The present suit, initiated in a justice of the peace court and appealed to the Court
of First Instance of La Laguna at a time prior to the enactment of Act No. 1627,
which went into effect on July 1, 1907, which limited to two instances the procedure
to be observed in verbal actions, concerns the collection of certain sum received as
a loan by the defendant from the plaintiff, and of the wages earned by the former
for services rendered as a servant in the said plaintiff's house.

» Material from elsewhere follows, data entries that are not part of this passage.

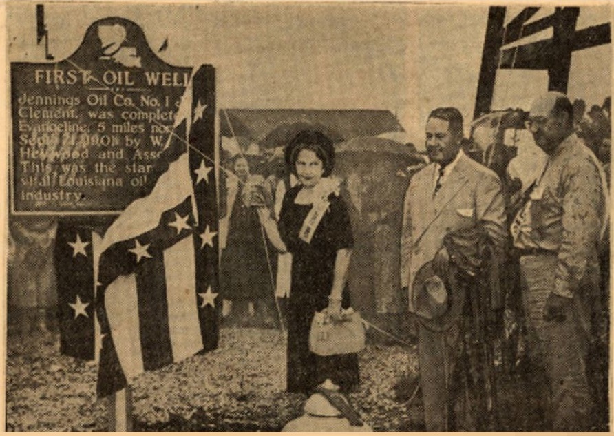 Mrs. Scott Heywood unveiled a marker as part of the Louisiana Golden Oil Jubilee in 1951. Times-Picayune (New Orleans) image courtesy Calcasieu Parish Public Library.
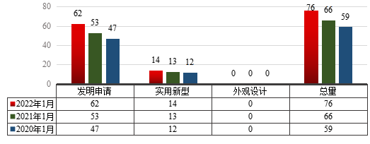 依据智慧芽专利数据库中检索到的各国官方公开专利申请数据,2022年1月,永利集团88304官网作为第一申请人申请的专利共计76件。其中发明专利申请62件,占申请总量的81.58%;实用新型专利申请14件,占申请总量的18.42%;外观设计专利申请无。
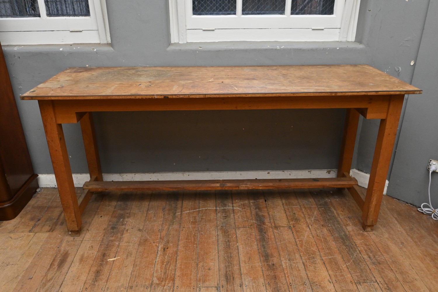 A HARDWOOD WORK BENCH (A/F) (H84 X W183 X D62 CM) (PLEASE NOTE THIS HEAVY ITEM MUST BE REMOVED BY CLIENTS OR CARRIERS AT THE CUSTOMERS EXPENSE. LEONARD JOEL STAFF CANNOT ASSIST CARRYING THIS ITEM)

Notwithstanding the denial of the defendant, it is a fact clearly proven, as found in


the judgment appealed from, that the plaintiff did deliver to Hermenegildo de los
Santos the sum of P67.60 to pay a debt was paid by De los Santos with the
knowledge and in behalf of the said defendant who, of her free will, entered the
service of the plaintiff and promised to pay him as soon as she should find the
money wherewith to do so.

The duty to pay the said sum, as well as that of P11.97 delivered to the defendant
in small amounts during the time that she was in the plaintiff's house, is
unquestionable, inasmuch as it is a positive debt demandable of the defendant by
her creditor. (Arts. 1754, 1170, Civil Code.) However, the reason alleged by the
plaintiff as a basis for the loan is untenable, to wit, that the defendant was obliged
to render service in his house as a servant without remuneration whatever and to
remain therein so long as she had not paid her debt, inasmuch as this condition is
contrary to law and morality. (Art. 1255, Civil Code.)

Domestic services are always to be remunerated, and no agreement may subsist in


law in which it is stipulated that any domestic service shall be absolutely gratuitous,
unless it be admitted that slavery may be established in this country through a
covenant entered into between the interested parties.

Articles 1583, 1584, and 1585 of the Civil Code prescribe rules governing the hiring
of services of domestics servants, the conditions of such hire, the term during which
the service may rendered and the wages that accrue to the servant, also the duties
of the latter and of the master. The first of the articles cited provides that a hiring

for life by either of the contracting parties is void, and, according to the last of three
articles just mentioned, besides what is prescribed in the preceding articles with
regard to masters and servants, the provisions of special laws and local ordinances
shall be observed.

During the regime of the former sovereignty, the police regulations governing
domestic service, of the date of September 9, 1848, were in force, article 19 of
which it is ordered that all usurious conduct toward the servants and employees of
every class is prohibited, and the master who, under pretext of an advance of pay
or of having paid the debts or the taxes of his servant, shall have succeeded in
retaining the latter in his service at his house, shall be compelled to pay to such
servant all arrears due him and any damages he may have occasioned him, and the
master shall also be fined.

The aforementioned article 1585 of the Civil Code undoubtedly refers to the
provisions of the regulations just cited.

When legal regulations prohibit even a usurious contract and all abuses prejudicial
to subordinates and servant, in connection with their salaries and wages, it will be
understood at once that the compact whereby service rendered by a domestic
servant in the house of any inhabitant of this country is to be gratuitous, is in all
respects reprehensible and censurable; and consequently, the contention of the
plaintiff, that until the defendant shall have paid him her debt she must serve him in
his house gratuitously is absolutely inadmissible.

The trial record discloses no legal reason for the rejection of the findings of fact and
of law contained in the judgment appealed from, nor for an allowance of the errors
attributed appealed from, nor for an allowance of the errors attributed thereto; on
the contrary, the reasons hereinabove stated show the propriety of the said
judgment.

For the foregoing reasons, and accepting those set forth in the judgment appealed
from, it is proper, in our opinion, to affirm and we hereby affirm the said judgment,
with the costs against the appellant.

Arellano, C. J., Johnson, Moreland and Trent, JJ., concur.